We introduce CAN, a simple, efficient and scalable method for self-supervised learning of visual representations. Our framework is a minimal and conceptually clean synthesis of (C) contrastive learning, (A) masked autoencoders, and (N) the noise prediction approach used in diffusion models. The learning mechanisms are complementary to one another: contrastive learning shapes the embedding space across a batch of image samples; masked autoencoders focus on reconstruction of the low-frequency spatial correlations in a single image sample; and noise prediction encourages the reconstruction of the high-frequency components of an image. The combined approach results in a robust, scalable and simple-to-implement algorithm. The training process is symmetric, with 50% of patches in both views being masked at random, yielding a considerable efficiency improvement over prior contrastive learning methods.
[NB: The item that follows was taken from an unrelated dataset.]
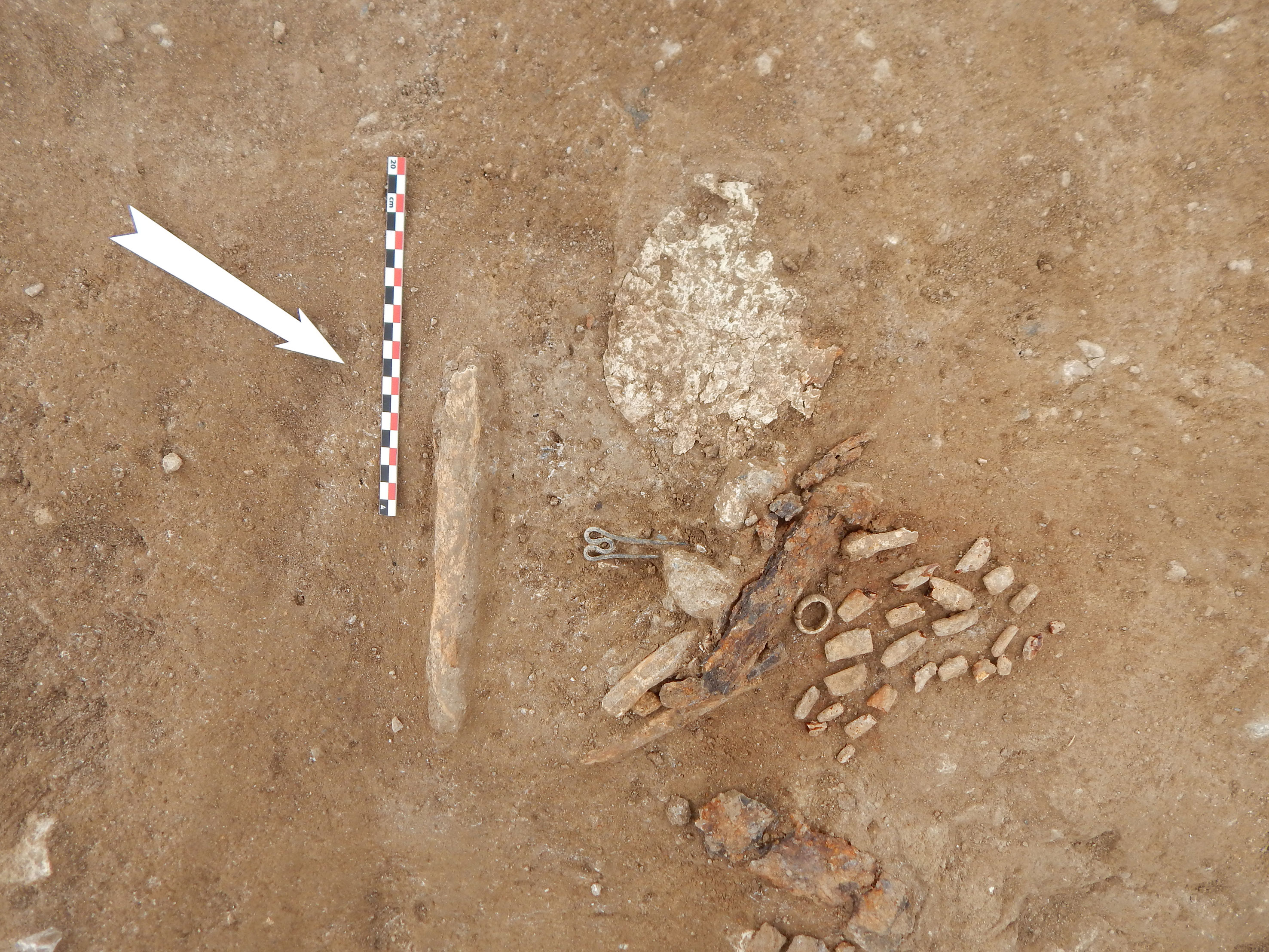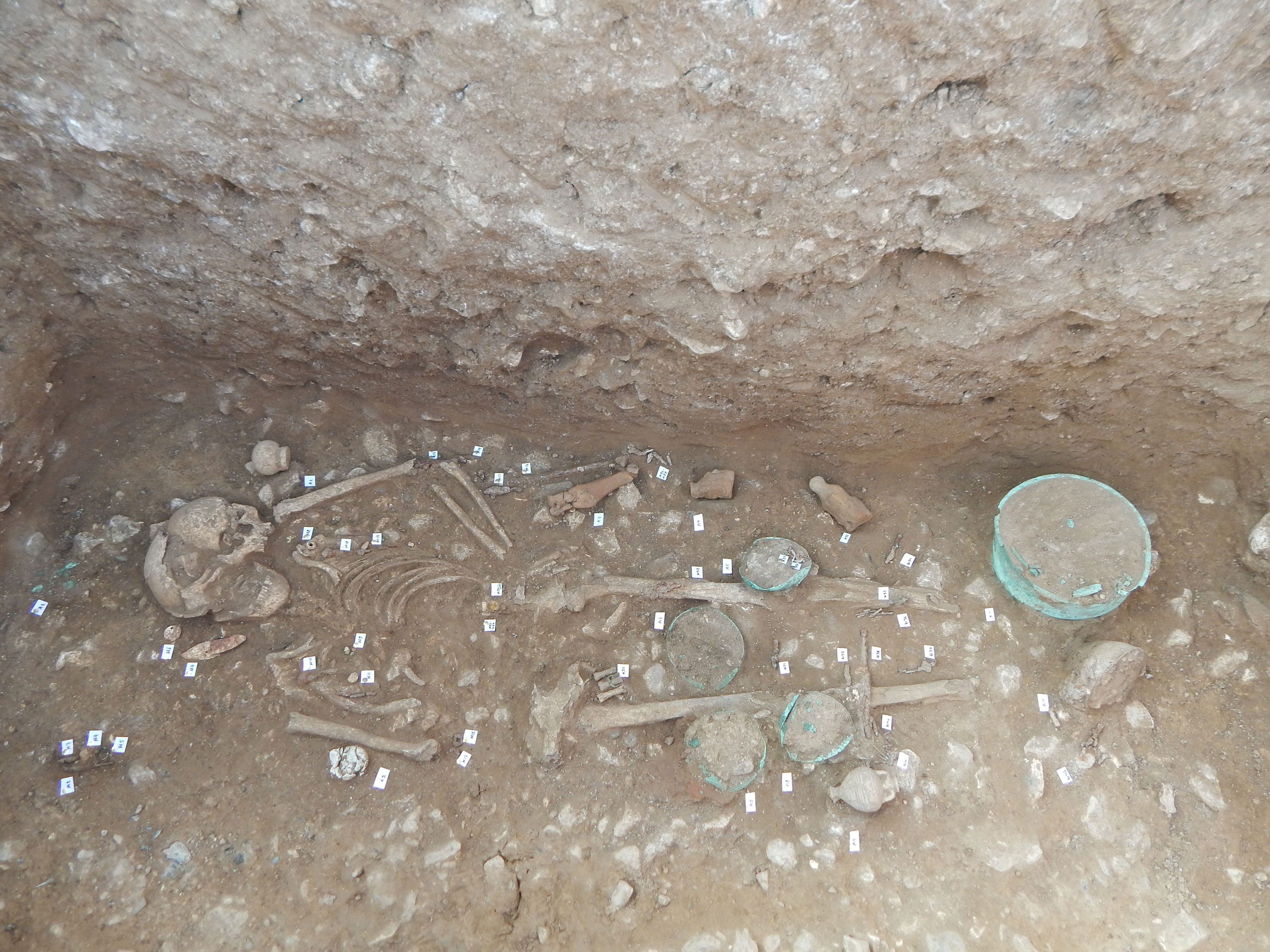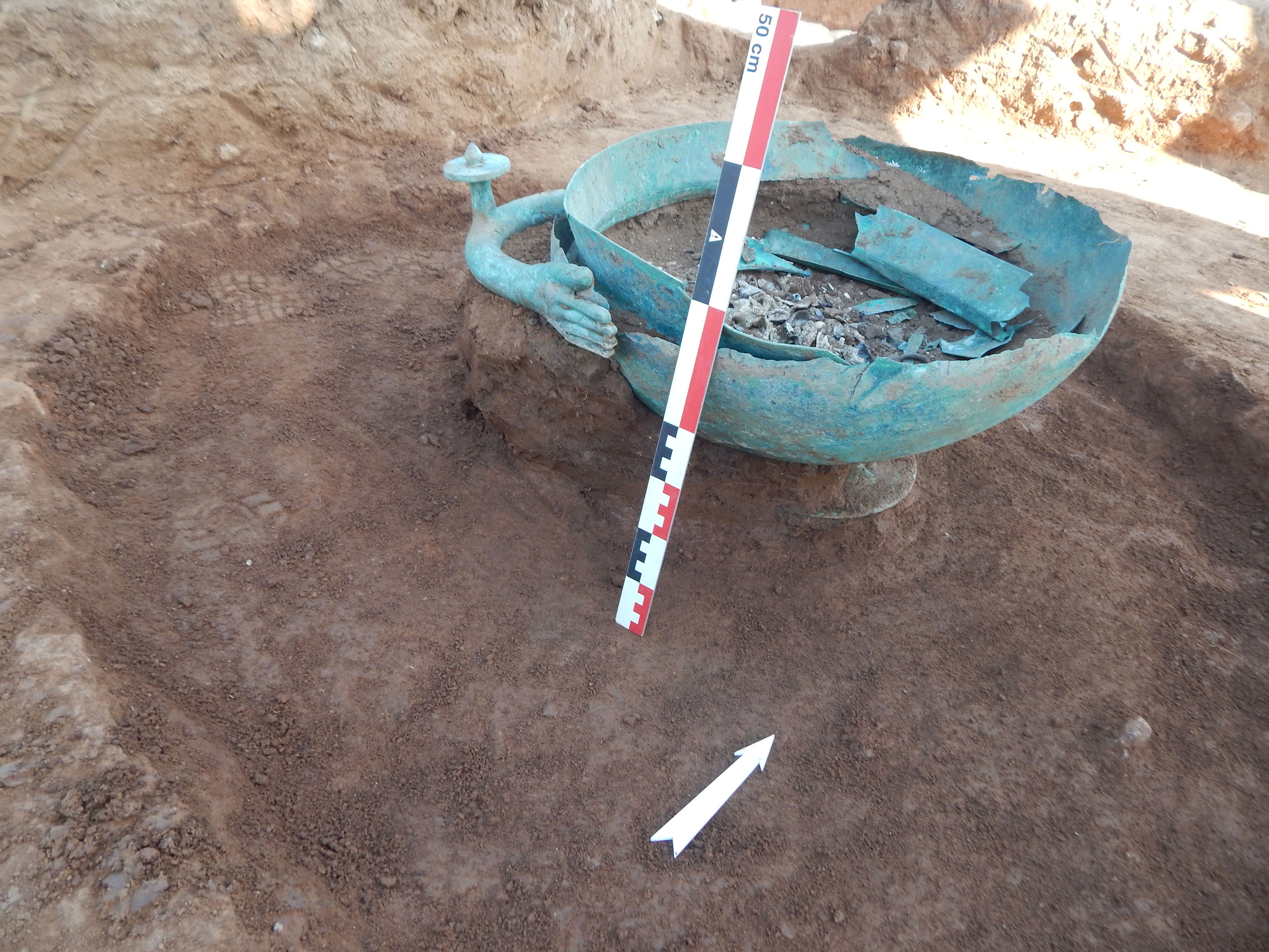 Σε πέντε ταφές εφαρμόστηκε η πρακτική της δευτερογενούς καύσης. Η μία εντοπίστηκε σε μεγάλο κρατηρόσχημο χάλκινο αγγείο, εξαιρετικό δείγμα της αρχαίας μεταλλοτεχνίας. Το αγγείο σώζεται σε σχετικά καλή κατάσταση, έχει διάμετρο 0,55μ. και φέρει πλαστική λαβή, που απολήγει σε δύο προσφύσεις με τη μορφή ανθρώπινων χεριών. Πρόκειται για δευτερογενή καύση ανδρός, και μάλιστα πολεμιστή, όπως υποδηλώνουν τα κτερίσματα: δύο σιδερένια ξίφη, δύο σιδερένια δόρατα και ένα χάλκινο κράνος "ιλλυρικού τύπου" πλαισίωναν το αγγείο, το οποίο καλυπτόταν με οριζόντια τοποθετημένη σχιστολιθική πλάκα.

Extensive empirical studies demonstrate that CAN achieves strong downstream performance under both linear and finetuning evaluations on transfer learning and robustness tasks. For instance, when pre-training ViT-B models on the curated ImageNet dataset, CAN achieves 74.8% top-1 linear probing accuracy, an absolute improvement of 6.8% over MAE and 1.3% over SimCLR with the same architecture and data augmentations. CAN is especially useful for pre-training on larger uncurated datasets such as JFT-300M: for linear probe on ImageNet, CAN achieves 75.4% compared to 73.4% for SimCLR and 64.1% for MAE. Finetuning our ViT-L model on ImageNet attains 86.1% top-1, compared to 85.5% for SimCLR, and 85.4% for MAE. The overall FLOPs load of SimCLR is 70% higher than CAN for ViT-L models 1 .

1. INTRODUCTION

Self-supervised learning promises continued advances in the state of the art by enabling the use of increasingly large models and datasets. However, interest in larger datasets has precipitated an increased reliance on web-scraped data collection processes, which result in heterogeneous and "uncurated" datasets (Yu et al., 2022; Radford et al., 2021; Jia et al., 2021) . Extreme image heterogeneity has made scaling vision models to uncurated datasets a non-trivial challenge (Tian et al., 2021; Cole et al., 2022) . There are two families of self-supervised methods for images which have both proven highly effective on curated datasets (e.g., ImageNet), and are therefore natural candidates for scaling to large, uncurated data. First, masked image models such as the masked autoencoder (MAE) (He et al., 2022) are a nascent set of methods based on a mask-and-reconstruct training mechanism. This classical idea (Ballard, 1987) is enjoying a rejuvenation thanks to favourable efficiency when combined with the vision transformer architecture (Dosovitskiy et al., 2021b) . Second, contrastive learning (van den Oord et al., 2018; Chen et al., 2020b; He et al., 2020) trains an encoder to distinguish between pairs of positive samples generated with data augmentations and negative pairs sampled at random. Both approaches have proven to be very powerful self-supervised methods.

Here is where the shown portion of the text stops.